Fixes zenoh-plugin-ros2dds issues

#697 — Publications not delivered to remote_api WebSocket subscribers
Fixed by architecture. The old plugin ran embedded inside zenohd alongside remote_api; its internal publishers did not propagate to co-loaded plugin subscribers. This bridge is a standalone process with its own Zenoh client session. It publishes through the router like any other Zenoh client — WebSocket subscribers on the router receive the data normally.

#690 — Route drops when many DDS participants join simultaneously
Likely fixed. The old plugin had a transient-local route renegotiation step that could tear down an existing route under simultaneous participant joins and fail to re-establish it. This bridge has no renegotiation step: each DDS endpoint is independently tracked by GID. Adding new endpoints never disturbs existing routes. TRANSIENT_LOCAL caching is handled by AdvancedPublisher independently of route lifecycle.

#647 — Service reply dropped due to wrong client_guid in CDR framing
Fixed. The old plugin embedded an incorrect client_guid in the CDR request body, so the DDS server's reply was addressed to an unrecognized GUID and dropped. This bridge derives client_guid from req_writer.instance_handle() — the actual DDS writer GID — so the server addresses its reply correctly. In-flight queries are also tracked by a locally-generated sequence number, making response matching robust across DDS vendor differences.

#642 — Services silently fail in bridge → router → bridge topology
Fixed. The old plugin ran embedded in zenohd, creating ambiguity in how query replies were routed back through the same session. This bridge runs in client mode against an external router — queries travel client→router→client with clean routing symmetry. Queryables are declared .complete(true) so the router propagates them as capable service endpoints. Default service timeout is 10 s (vs the old 5 s); action get_result has its own 300 s timeout.
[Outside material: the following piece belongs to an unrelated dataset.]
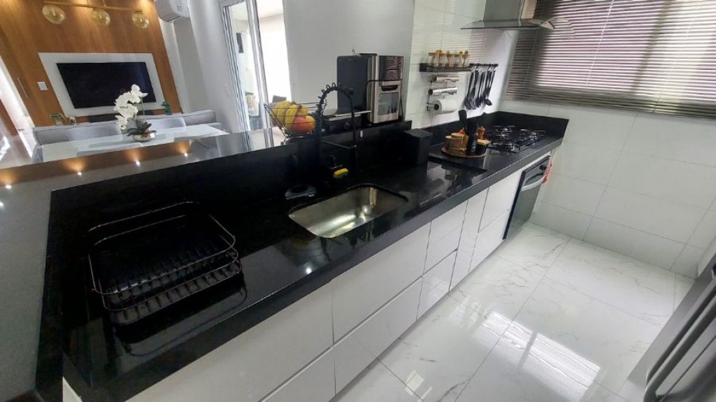Varanda gourmet com churrasqueira à gás.

#576 — Namespace doesn't filter subscriptions; other users' traffic bleeds through
Fixed. The old plugin's --namespace only scoped outbound Zenoh publications; the bridge still subscribed to the full keyspace and re-injected all traffic into local DDS. In this bridge the namespace is part of every Zenoh key expression — both publications and subscriptions. A bridge with namespace /botA subscribes only to 0/botA/** keys and never receives publications from /botB.

#570 — Duplicate messages accumulate on each bridge restart
Fixed. The old plugin left stale route/liveliness entries on disconnect; each reconnect added a new route without removing the old ones. This bridge cleans up both sides: CycloneDDS undiscovery events trigger GID-based route removal; Zenoh liveliness tokens are tied to the session and automatically retracted on disconnect, causing the peer bridge to retire federation routes via SampleKind::Delete handling. A restarted bridge starts clean with a new ZID.

Reproducible Demos

Three self-contained Docker/Podman gists (each is a two-file Dockerfile + run.sh) that build everything from source and run an automated PASS/FAIL check end-to-end:

Gist What it demonstrates
sub-bridge-wildcard ros-z talker → bridge → DDS listener; before/after comparison of the ZDdsSubBridge wildcard-key fix
service-bridge-wildcard ros-z client → bridge → DDS server; before/after comparison of the ZDdsServiceBridge wildcard-queryable fix
bridge-federation DDS talker on domain 10 → Bridge A → zenohd → Bridge B → DDS listener on domain 20
gh gist clone 0796c93f2facb5afd6a45096bbc8b97c sub-bridge-wildcard
cd sub-bridge-wildcard
podman build -t sub-wildcard-demo .
podman run --rm sub-wildcard-demo

Breaking Changes

None — ros-z-dds and ros-z-bridge-dds are new crates. Existing ros-z public APIs are unchanged.

@github-actions
Copy link
Copy Markdown

github-actions Bot commented May 8, 2026

PR Preview Action v1.8.1

QR code for preview link

🚀 View preview at
https://ZettaScaleLabs.github.io/ros-z/pr-preview/pr-176/

Built to branch gh-pages at 2026-05-08 23:02 UTC.
Preview will be ready when the GitHub Pages deployment is complete.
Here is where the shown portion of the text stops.